Anyone who's ever played with a laser pointer understands its ability to be used in Morse code operations from pretty impressive distances. Anyone who's ever read about a pilot forced to land a plane or change course because a laser was shone into the cabin understands a laser's range. A new plan from Facebook (News - Alert)'s engineers, discussed in detail in the journal Optica, combines these two points to deliver a novel new concept in Internet access: using laser beams to deliver access to areas once considered too remote for anything but satellite and at staggering speeds.
Laser beams are an attractive media thanks to the range available, the ability to hold a lot of information, and the ability to operate without requiring dedicated spectrum. This along with the sheer versatility of being able to set up data links in areas not on the standard grid. However, there are some problems to using lasers.
The biggest challenge is a combination of two factors: the detectors required to run such a system must be very small, and any beam of light tends to widen as it travels through space. The latter means that the beam can eventually be larger than the detector, and by a fairly wide margin. The light can be focused back down to the proper size with the right optics, but that's an expensive process. Facebook's engineers, meanwhile, seem to have developed a workaround that fixes this.
By using fluorescent materials instead of optics, using organic dye molecules that can absorb blue light and essentially turn it into green light coming out, the new green light can be transferred to a photodetector, letting the fibers serve as a kind of relay to the closer photodetector.
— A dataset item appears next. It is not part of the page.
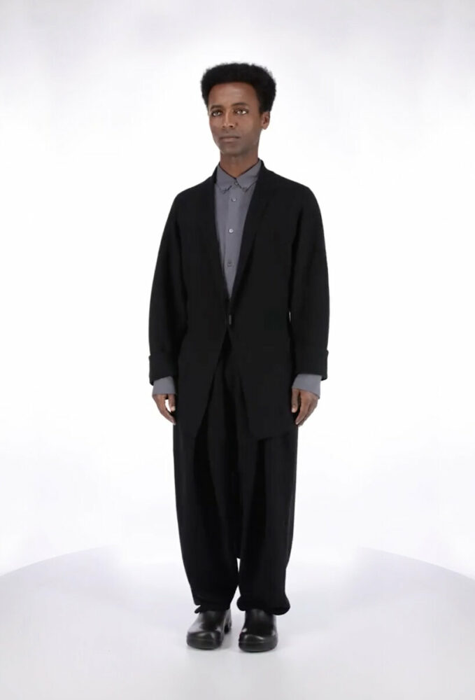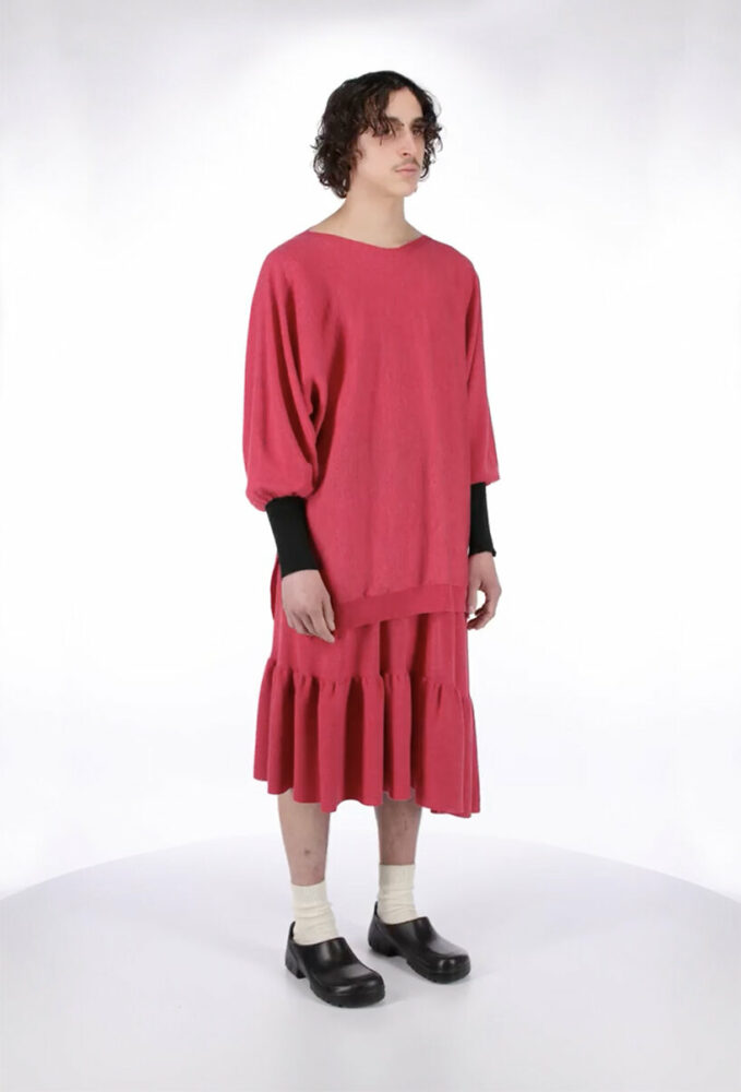 Each ‘Universo Cancellato’ piece (see more here) offers a soft and abundant fit by resting on, wrapping around, and adapting to the body. Meanwhile, elasticated cuffs and straps support and embrace the garment with more firmness. The key pieces from the knitwear collection are the jacket with kissed closure, inverted pleat trousers, and wide asymmetrical skirt.

As a result, Facebook's engineers are not only achieving speeds of 2.1 gigabits per second, but believe that can be boosted still further if the fibers could absorb infrared light instead of blue.
Some question the impact of clouds and weather on such a product, but considering the bigger picture—where satellite Internet goes down whenever someone so much as looks at the dish funny—this will likely be a relief to rural residents and similar underserved populations that haven't had many options.
In addition, it is hard to imagine someone putting a bandwidth cap on a service like this. And, if it ever becomes possible to get multi-gigabit Internet access to just about anywhere that can generate a line-of-sight connection somehow—up to and including putting the receiver on a big pole—it's going to be a game-changer.
Internet access has sometimes been tough to come by even in the United States, and developments like this may be just the thing to get everyone online relatively inexpensively. It is certainly an interesting technology to keep up on.